To prove copyright infringement, the plaintiff must establish that he or show owns a valid copyright, that the defendants copied a protectible expression, and that the copying is substantial enough to constitute improper appropriation of plaintiff’s work. See Hofmann v. Pressman Toy Corp., 790 F. Supp. 498, 505 (D.N.J. 1990) (Debevoise, D.J.), aff’d 947 F.2d 935 (3d Cir. 1991), cert. denied 118 L. Ed. 2d 214, 112 S. Ct. 1569 (1992); see also Universal Athletic Sales Co. v. Salkeld , 511 F.2d 904, 907 (3d Cir. 1975), cert. denied 423 U.S. 863, 46 L. Ed. 2d 92, 96 S. Ct. 122 (1975) (“to establish a copyright infringement, the holder must first prove that the defendant has copied the protected work and, second, that there is a substantial similarity between the two works.”); Ford Motor Company v. Summit Products, Inc., 930 F.2d 277, 290 (3d Cir.), cert. denied 116 L. Ed. 2d 324, 112 S. Ct. 373 (1991) (“copyright infringement is established if the plaintiff proves that it owned the copyrighted material and that the copyrighted material was copied by the defendant.”). 2

[10] A plaintiff may establish a prima facie case that he or she owns the relevant copyright by presenting a certificate of registration by the United States Copyright Office. Ford Motor Company at 291. In this case, plaintiff has produced such a certificate and it is undisputed that he owns the copyright of the musical composition.

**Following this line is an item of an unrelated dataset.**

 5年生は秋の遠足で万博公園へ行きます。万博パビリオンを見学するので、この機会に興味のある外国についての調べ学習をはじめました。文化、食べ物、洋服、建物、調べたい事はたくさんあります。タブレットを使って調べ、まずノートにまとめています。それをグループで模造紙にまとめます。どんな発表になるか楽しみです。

[11,12] The second question, then, is whether plaintiff has copied the defendant’s work without authorization. Normally, a defendant denies copying the plaintiff’s work or contends that there was authorization. In such circumstances, where direct evidence of copying is unavailable, copying can still be proved “inferentially by showing that the defendant had access to the allegedly infringed copyrighted work and that the allegedly infringing work is substantially similar to the copyrighted work.” Whelan Associates v. Jaslow Dental Laboratory , 797 F.2d 1222, 1232 (3d Cir. 1986), cert. denied, 479 U.S. 1031, 93 L. Ed. 2d 831, 107 S. Ct. 877 (1987). The instant case is one of those rare cases in which such indirect proof is not necessary. In this case, the defendants actually took a sample of plaintiff’s recording and incorporated into their recordings. Indeed, they admit as much and admit that it was without authorization. Generally — assuming that illegal appropriation is shown — “if a defendant admits to using copyrighted material, that alone would make the defendant liable for copyright infringement, absent the owner’s authorization.” Major League Baseball Promotion v. Colour-Tex , 729 F. Supp. 1035, 1039 (D.N.J. 1990) (Gerry, C.J.). (citing Fitzgerald Publishing Company v. Baylor Publishing Co., 807 F.2d 1110, 1113 (2d Cir. 1986)).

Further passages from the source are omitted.